However, even though such a law is already in practice in some provinces, the experience reveals that it might have the opposite effect on local minorities, since it increases persecution and pressure among the population (para. 6). Political observers claim that the adoption of such a law would not prevent the local believers from being brainwashed and mislead to accept different religion. Political leaders try to find another solution of this swelling social problem that brings tension and in some cases causes stirs leading to casualties. There is no adequate system that can determine when a group of believers is harassed and threatened to convert. The local police and jurisdiction system cannot be involved in deciding when personal choices are biased and not resulting from a free will. In the ideal case, religious conversion should be decided by every Indian citizen individually (para. 7).
The Indian Prime Minster Modi resists taking sides in this matter and does not release a statement, because he is busy tackling urgent economic issues. However, when it comes to defining a typical Indian social belonging within an Indian cultural setting, one cannot oversee the issue of rise of Hindutva consciousness (a term referring to the national identity of Hindu citizens) (para. 8). Some renowned members of Modi’s government, like Ms. Sushma Swaraj, a current Foreign Minister, want to see this identity strengthened by imposing Hinduism on other religious minorities and by proposing to declare the Bhagavat Gita for the Holy Scripture of India that needs to be respected by all religious groups (para. 9). The non-Hindu communities withstand this pressure coming unofficially from the government by reminding the officials to take a firm stand “for religious freedom” and to stop imposing “Hindutva” on Christian minorities.

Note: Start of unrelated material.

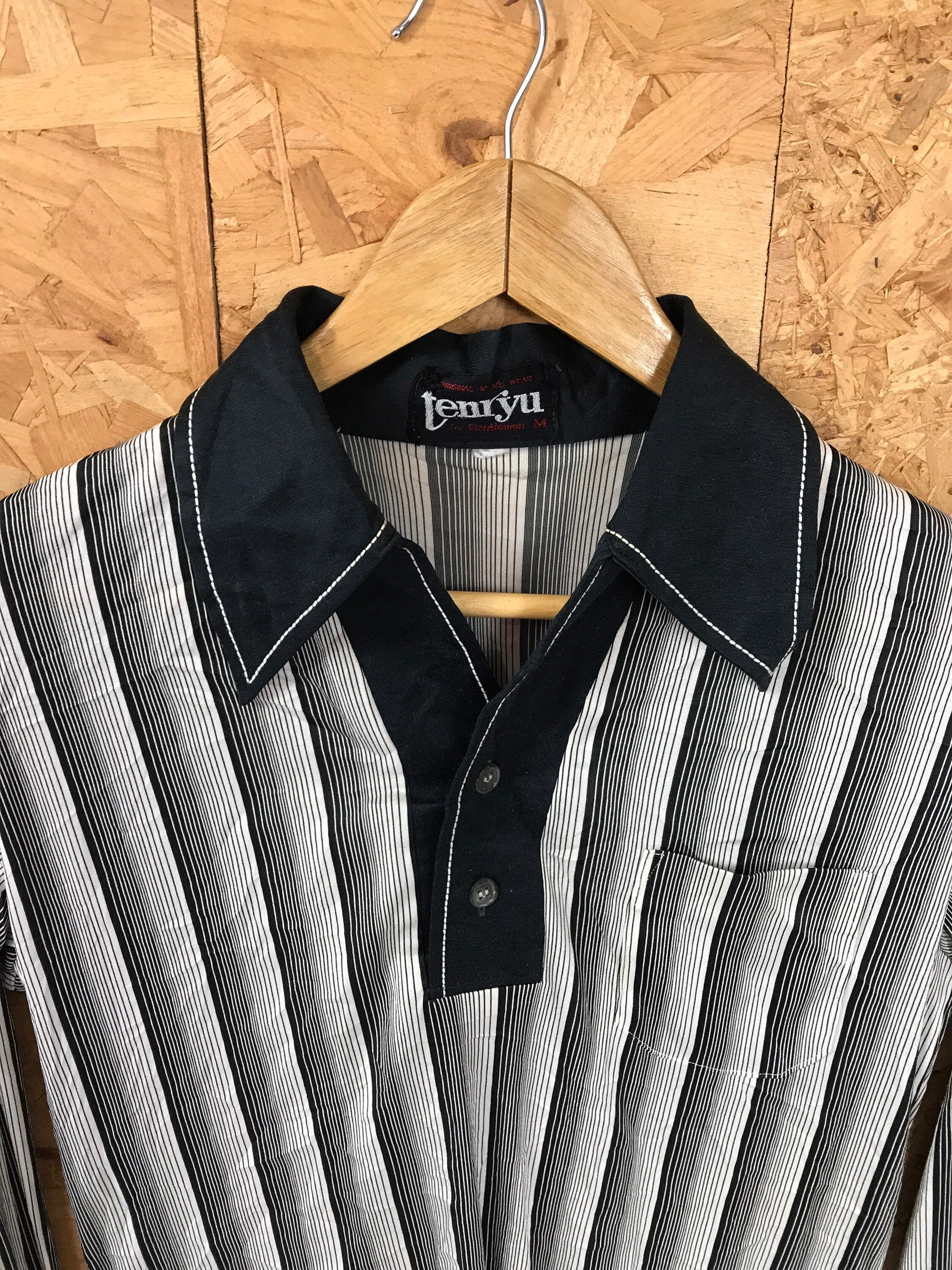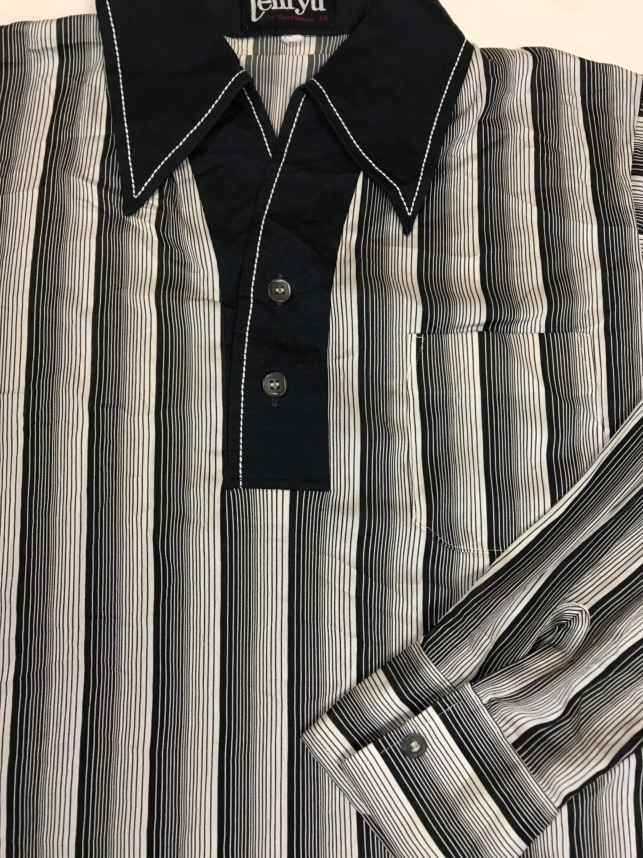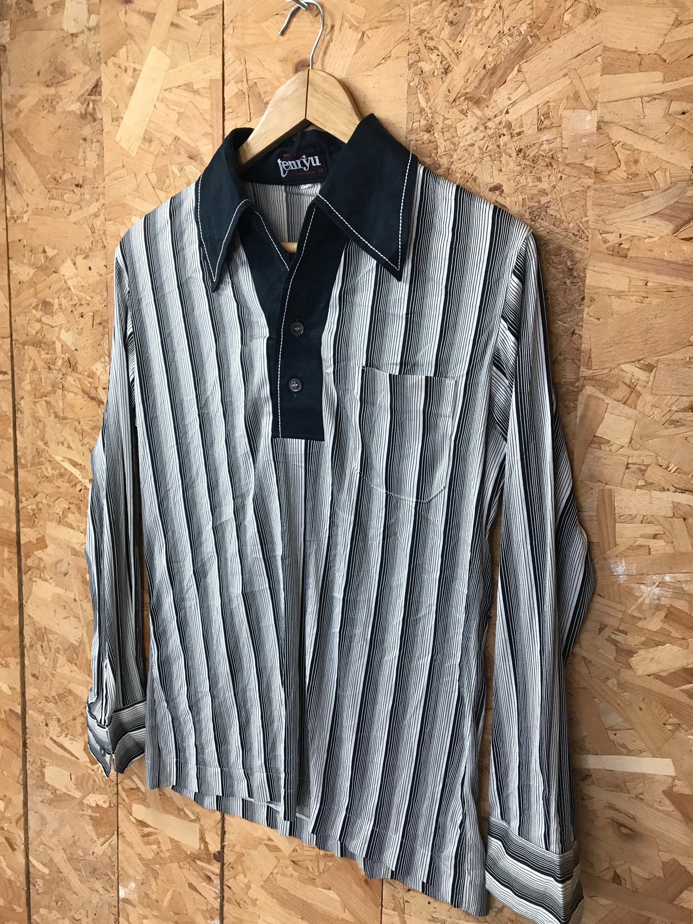 Vintage 70s white black faded stripe pattern pointed collar retro polyester disco shirt size medium slim fit
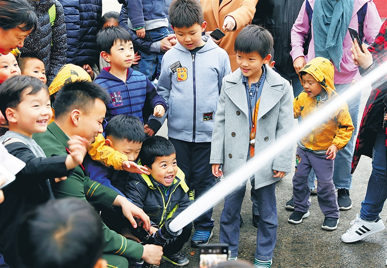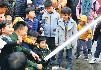 在4月15日我国第三个“全民国家安全教育日”即将来临之前,一批向社会公开招募的小朋友及其家长体验者,走进上海市消防总队闵行支队七宝中队,参观学习消防知识,了解体验消防装备,增强消防安全意识和消防应急自救能力。 新华社记者 刘颖 摄

The latter have formed a group of leading representatives who meet with the Prime Minister Modi to inform him about the existence of enforced “mass conversions” and to make him aware how vulnerable and threatened they feel in this insecure social situation (para. 10), where they in some cases find themselves physically abused and their churches become targets of vandalism (para. 11). Indian Muslims also face threat to become victims of mass conversions to re-introduce them to Hinduism. For example, such an event is planned for the beginning of February this year and it will involve 3000 Muslims becoming Hindus in a Ghar Vaspi ceremony taking place in the city of Ayodhya where in the early nineties last century 2000 people were killed in religious tension that arose among Hindus and Muslims (para. 14). Church leaders and international pressure aim to remind Modi that in a democratic society religious freedom and mutual respect play a vital role in retaining a system of solid values to build upon (para. 17).
Works Cited:
Curtis, Lisa. “Modi Must Embrace Religious Tolerance.” Newsweek. 3 February, 2015. Web.
Accessed 1 March, 2015.
http://www.newsweek.com/india-modi-must-embrace-religious-tolerance-303970
Article 4: To Follow Christ, We Must Confront Life’s Deserts, Pope Francis Says
On the 22 February this year the Pope appears in from of the crowd gathered on the Saint Peter Square facing the papal apartment to deliver an encouraging speech for the congregation before the forty days of Lent. He reminds them of the history behind this Spiritual exercise that will lead them in the weeks to come (para. 2). For Jesus the 40 days of fasting in the desert comes after his Baptism has taken place, conducted by his cousin, John the Baptist. Jesus is lead in the desert and tried by the enemy, but He shows resistance and overcomes, in order to start His ministry and “proclaim the Gospel of the Kingdom of God” (para. 4).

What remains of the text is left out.